OP intimates that they have helped her in the past - why shouldn't she return the care and offer to help them?

They are not their son, what he did is not their fault.

Because it's too easy to offer in a rush of gratitude and appreciation, and later find you can't live up to your promises and feel guilty about it.

OP's about to go through a divorce, and presumably has her own family commitments. She's the wounded party here and needs to take care of herself, not others. She needs time to heal, and may find at some point she herself needs time & space from them.

There's nothing to say she can't make the offer down the line if things stay amicable and they all stay in touch, but she doesn't need to create a sense of obligation for herself at this point.

Also, it's about resetting dynamics - often women take on caring roles for family members, including their in-laws, and she needs to let go of that role in their lives.

RememberNancyDrew · 22/12/2022 20:31

I would just thank them for the lovely card and wish them Merry Christmas and that's it.

xmaslurgy · 22/12/2022 20:46

category12 · 22/12/2022 20:29

Because it's too easy to offer in a rush of gratitude and appreciation, and later find you can't live up to your promises and feel guilty about it.

OP's about to go through a divorce, and presumably has her own family commitments.

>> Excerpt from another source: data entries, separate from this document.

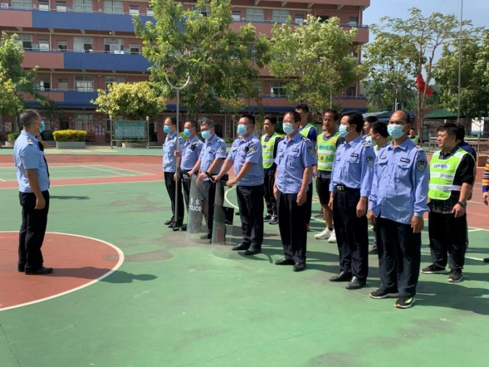 接著,鄭觀明警官和黃偉龍警官宣布大家進入“突發(fā)事件應(yīng)急處置”演練環(huán)節(jié)。情境設(shè)定:由一名便衣民警同志模擬充當危險分子的角色,手持兇器對護校隊員進行攻擊,試圖沖擊校園安保防線。護校隊當即進入突發(fā)情況應(yīng)急狀態(tài),保安和護校隊員們快速組成合作小組,一邊利用手中的鋼叉、盾牌和警棍等器械與危險分子周旋,同時啟動一鍵報警系統(tǒng),護校隊員們各就各位,迅速聯(lián)系肖家村派出所和西山村委治保會力量,協(xié)力將危險分子制服。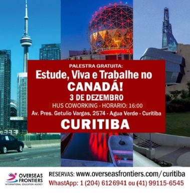 Palestra gratuita em Curitiba no dia 03 de dezembro da Overseas Frontiers sobre “Estude, Viva e Trabalhe no Canadá”.03 de dezembro, 2019ho
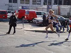 Starting 2000, Radcliffe won the Stormont Cross Country race for a third time.[50] Radcliffe then finished fourth in Durham.[51][52][53] Radcliffe then sustained a knee injury.[54] For the European Cup, Radcliffe joined a host of other British athletes by pulled out injured.[55] However, Radcliffe soon returned to the track for the first time since March after a virus, a knee operation and a calf muscle tear had kept her out; to race over 1,500 metres in Barcelona.[56] In her first race since the World Cross Country, Radcliffe finished 11th.[57] At the London Grand Prix, Radcliffe finished second, one second outside of her British record, in only her second track race of the season.[58] At the Weltklasse Zürich IAAF Golden League meeting Radcliffe competed in the 3,000 metres and finished in fourth place.[59] At the UK trials won the 5,000 metres title.[60] The British Grand Prix saw Radcliffe race over 3000 metres, where once again she finished third.[61] At the 2000 Olympic Games in Sydney, Radcliffe finished sixth in her 10,000 metres heat to qualify for the final.[62] In the final Radcliffe set a new British record, but crossed the line in fourth and was highly disappointed to miss out on a medal.[63] Radcliffe returned to action by winning the BUPA Ireland five-mile race.[64] At the Great North Run, Radcliffe ran a new European record for the half marathon, as she won the race in a time of 67 minutes and 7 seconds.[65] Radcliffe was then selected for the 2000 IAAF World Half Marathon Championships in Mexico.[66] Radcliffe won her first World title, despite suffering a panic attack when her nose tape, designed to help her breathe, fell off halfway round.[67] The good run of form came to an end, when she turned her attention to the Cross Country events and finished third in Brussels.[68] Radcliffe confirmed that her last race of the year would be the Great North Cross Country.[69] There Radcliffe defeated Tulu by seventy-five seconds,[70] in eight inches of snow.[71]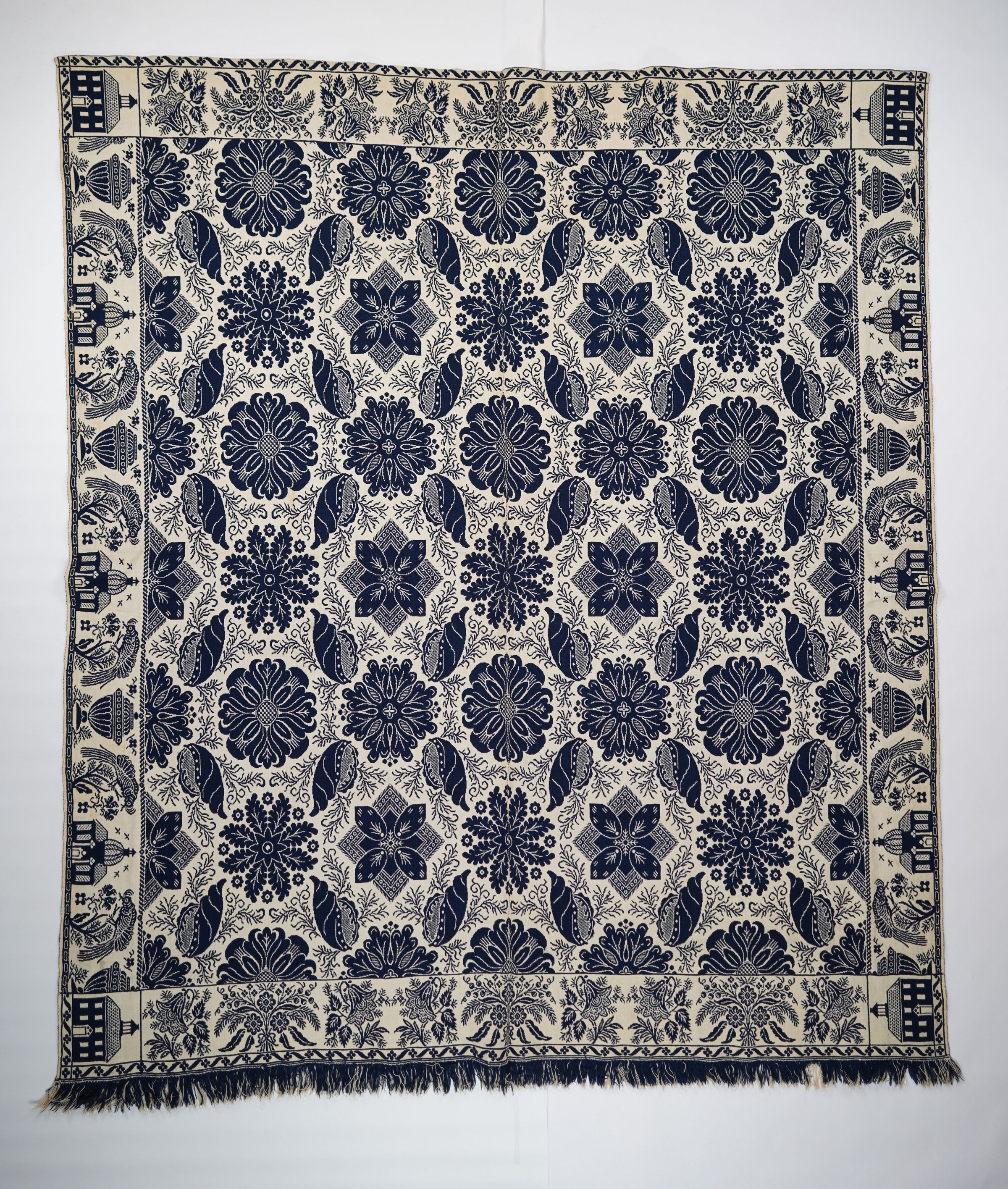 Figured and fancy doubleweave coverlet with borders on four sides and self-fringe on bottom. Two panels joined by a center seam. Navy blue wool with natural cotton. Shells and medallions in centerfield pattern; birds and urns with domed building in side borders; floral border on bottom with catalpa flowers. Woven by James "Canada Jim" Craig or Matthew Young, who used this undated building logo.Collection

She's the wounded party here and needs to take care of herself, not others. She needs time to heal, and may find at some point she herself needs time & space from them.

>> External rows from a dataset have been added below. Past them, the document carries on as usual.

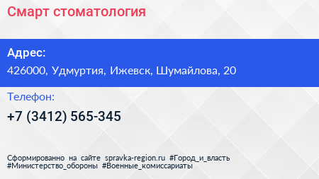 Смарт, стоматология по адресу 426000, Удмуртия, Ижевск, Шумайлова, 20 в дальнейшем Организация, размещена в следующих категориях: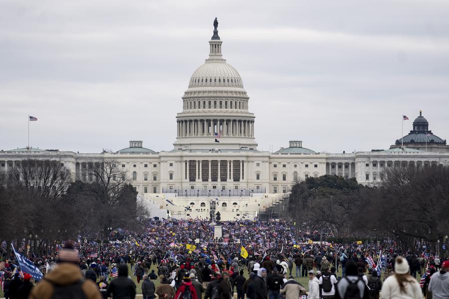 Foto de arquivo tirada no dia 6 de janeiro de 2021 mostra apoiadores do ex-presidente dos EUA, Donald Trump, reunidos em frente ao edifício do Capitólio em Washington, D.C., Estados Unidos. (Xinhua/Liu Jie)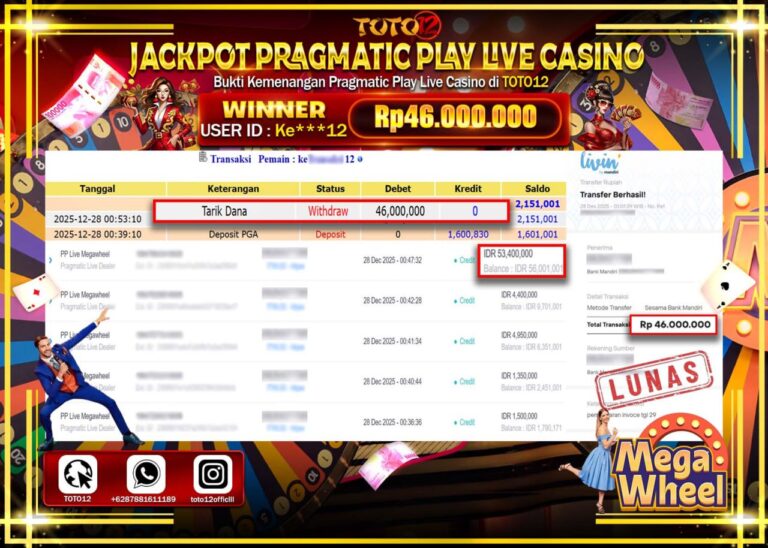 Selamat kepada Member Kami Ke****** Telah Jackpot dan berhasil mendapatkan kemenangan besar pada permainan JACKPOT PRAGMATIC PLAY LIVE CASINO (MEGA WHEEL) Dengan Kemenangan Sebesar Rp.46.000.000 –. Setelah mengisi Fomulir Withdraw dengan Kurang waktu 1-2 Menit Dana sudah kami Trasnfer kepada Pemilik Userid dan dana sudah dapat di cairkan oleh pemenang. Bukti Pembayaran yang TOTO12 berikan merupakan…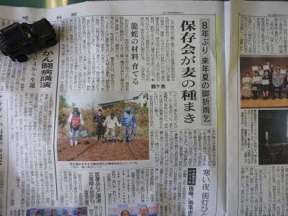 今朝(20日)の埼玉新聞 地域 県北・県西 の欄に「8年ぶり 来年夏の脚折雨乞 保存会が麦の種まき」という記事が掲載されていました。 保存会の皆さんが龍蛇を作成するために麦の種まきを始めたそうです。 私も、今から「脚折雨乞」が楽しみです。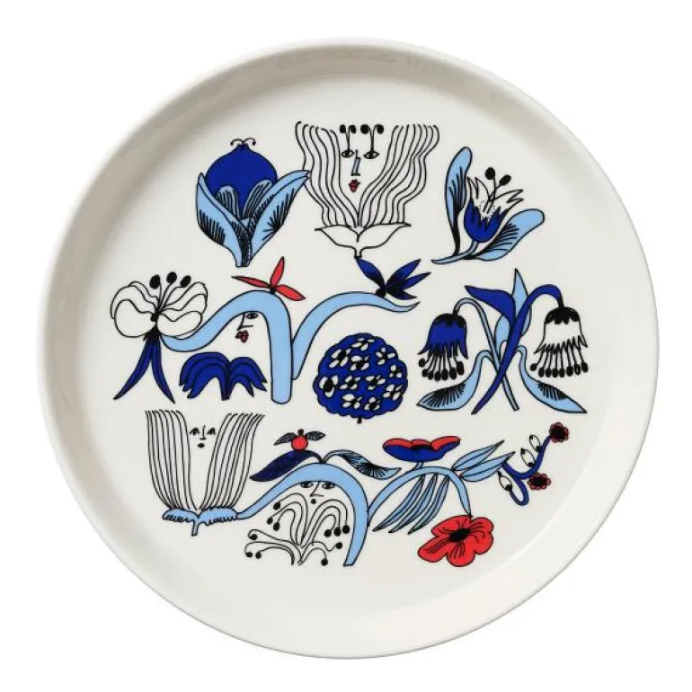 Puutarhurit-mønsteret, skapt av kunstneren Armi Teva, er en frisk blåfarget hage med lekne figurer som titter ut fra plantene. Puutarhurit 19 cm tallerkenstørrelse er egnet for både frokost, forrett og snacks. Kombiner Puutarhurit-mønsteret med andre populære design fra Arabia.
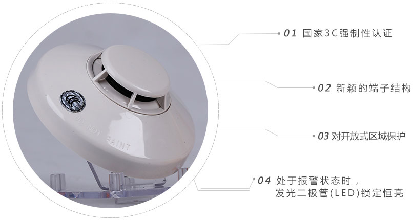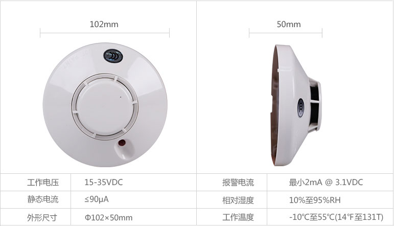 頂部的3C認(rèn)證標(biāo)志很是顯眼,一下子就能讓人知道這個(gè)產(chǎn)品的質(zhì)量經(jīng)得起考驗(yàn)。同樣顯眼還有報(bào)警LED燈,在報(bào)警的時(shí)候會保持常亮,易于發(fā)現(xiàn),提醒人們該探測器處于工作狀態(tài)。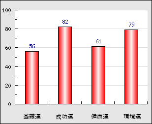 成功運 目的に対する成功運の強さをあらわします。この点数が高いほど自分の思い通りに成功し、逆に悪いと逆境・批判・障害などに苦心します。 82点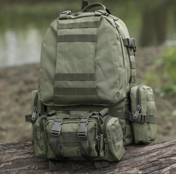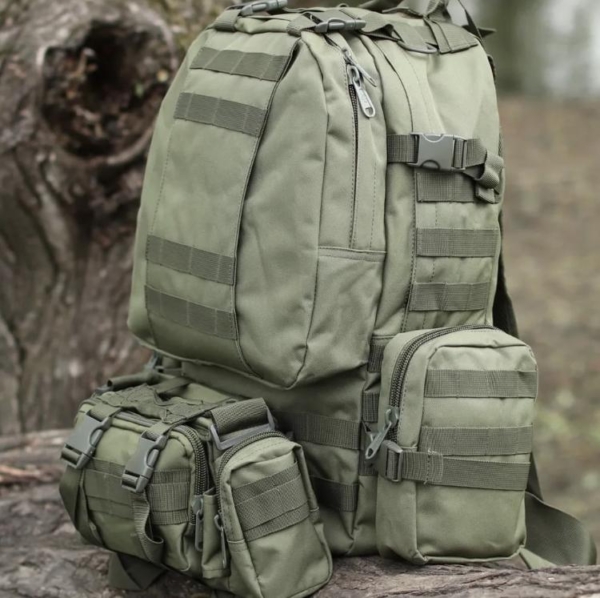 Тактичний рюкзак Molle Assault 55 L з трьома знімними органайзерами — містке та функціональне рішення для походів, тренувань і повсякденного використання. Виготовлений із водонепроникного матеріалу Oxford 800D, він стійкий до зношення та захищає вміст від вологи.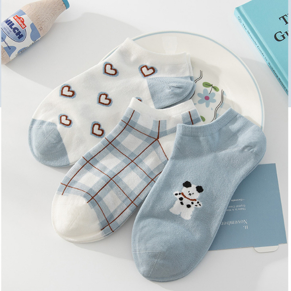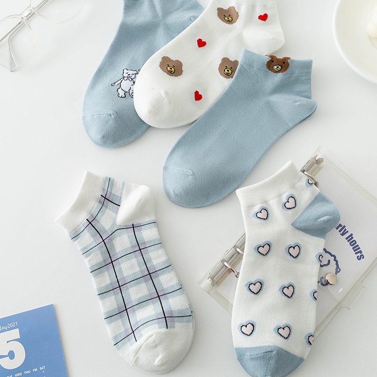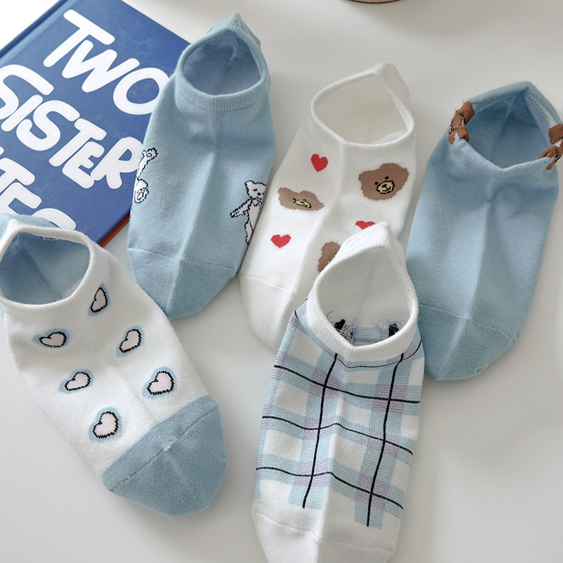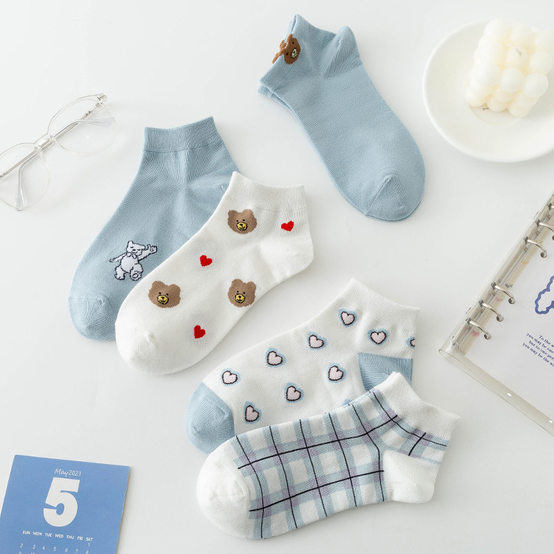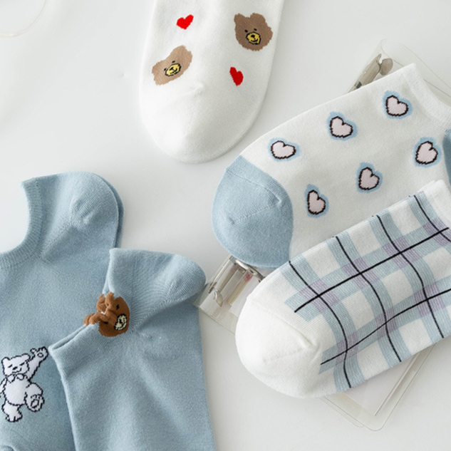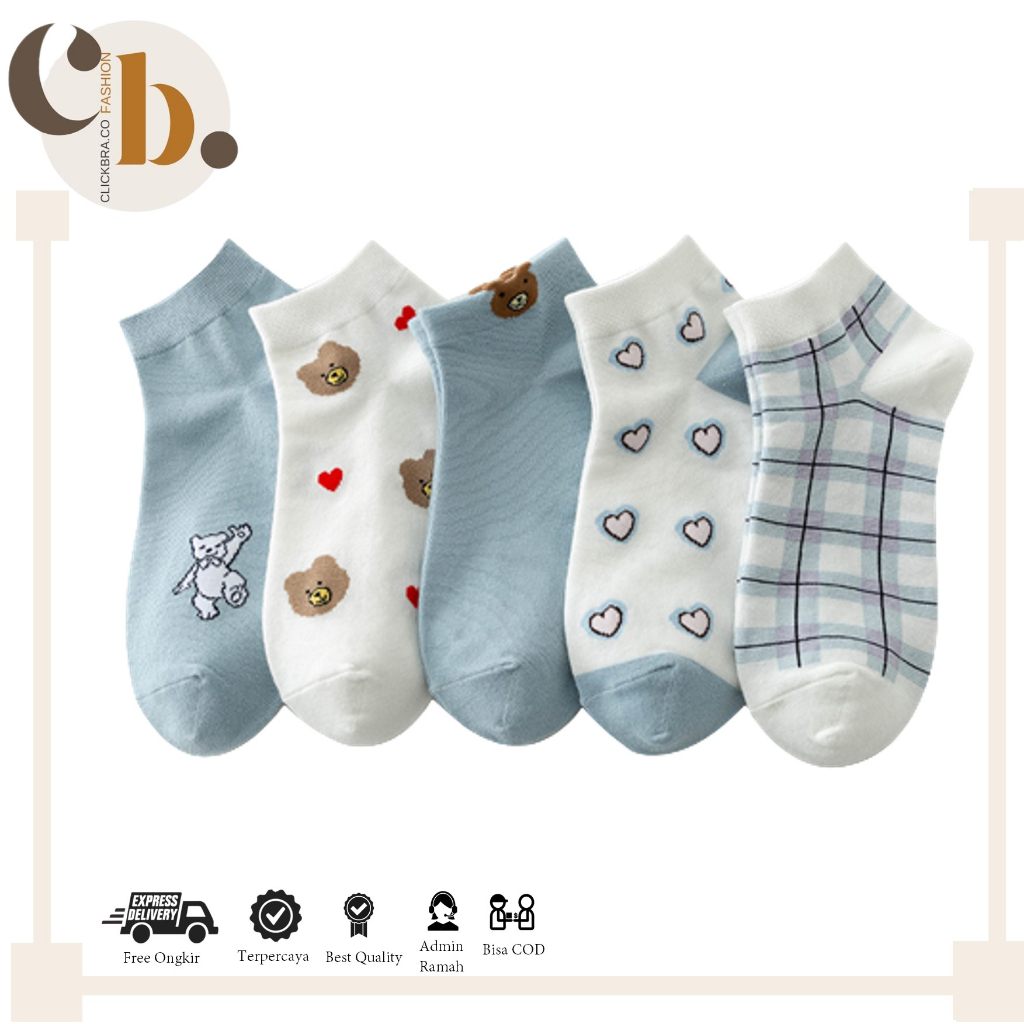 CLICKBRA | KK1249 Kaos Kaki Motif Beruang Bear Biru Blue Fashion Pendek Semata Kaki Socks

There's nothing to say she can't make the offer down the line if things stay amicable and they all stay in touch, but she doesn't need to create a sense of obligation for herself at this point.

Also, it's about resetting dynamics - often women take on caring roles for family members, including their in-laws, and she needs to let go of that role in their lives.

Yes this is exactly it. I wouldn't give hope of a relationship when it may turn out that OP wants to drift away

FuckConvoGiveMeAForest · 22/12/2022 20:53

They sound lovely 💕

whynotwhatknot · 22/12/2022 21:01

that was nice of them-remember though at the end of the day hes their son they will always put him first

it happend with my dsis inlaws all about offering elp and support they in the end said theyre son needed them and stopped contact

DogInATent · 22/12/2022 21:06

To help them understand how I didn't make this decision lightly.
Umm, I'd deflect this back onto the fallout of his decision to have the affair, and that any sadness should be felt for their son having put you and they in the position where these letters are being written.

healthadvice123 · 22/12/2022 21:14

Sounds fine and only you know them
My nan divorced my grandad but still stayed close to his parents and eventually even mixed with my grandad and new partner in family situations
But was kids and grandkids involved so maybe this helped
But not all families have zero relationships with ex partners etc if relationship was good to begin with

Honeyroar · 22/12/2022 21:22

I stayed close to my ex’s parents. They were lovely and supported me, not him, following his affair. They have had 20 years of unpleasantness from the woman he had the affair with and her mother (he went onto marry her) because she said she didn’t approve of how they got together. We still exchange Xmas cards 20+ years on.